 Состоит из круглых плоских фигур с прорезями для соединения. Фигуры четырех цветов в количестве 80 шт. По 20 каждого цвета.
* * *
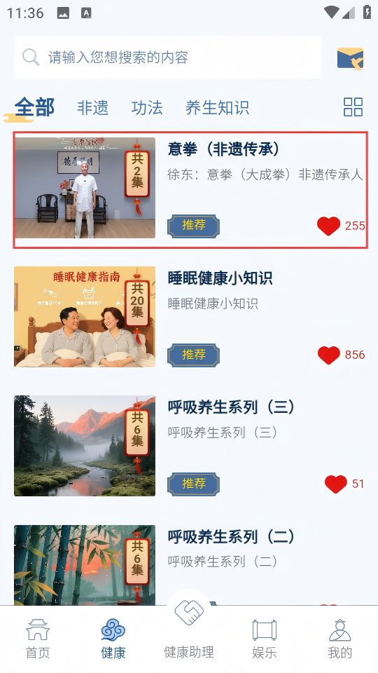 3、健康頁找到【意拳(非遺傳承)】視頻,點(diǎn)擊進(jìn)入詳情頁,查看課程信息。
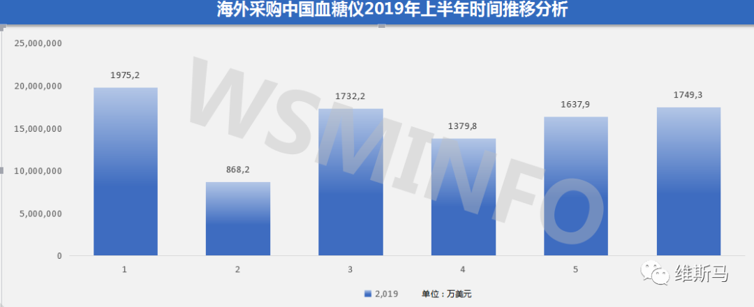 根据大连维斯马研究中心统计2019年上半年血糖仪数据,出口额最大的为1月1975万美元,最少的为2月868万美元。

WHAT TO PRODUCE —
Within the material above, find the part that opens with the line containing "3、健康頁找到【意拳(非遺傳" and closes with the line containing "根据大连维斯马研究中心统计2", and reproduce it exactly without the pictures.

RESULT OF THIS EXERCISE —
 3、健康頁找到【意拳(非遺傳承)】視頻,點(diǎn)擊進(jìn)入詳情頁,查看課程信息。
 根据大连维斯马研究中心统计2019年上半年血糖仪数据,出口额最大的为1月1975万美元,最少的为2月868万美元。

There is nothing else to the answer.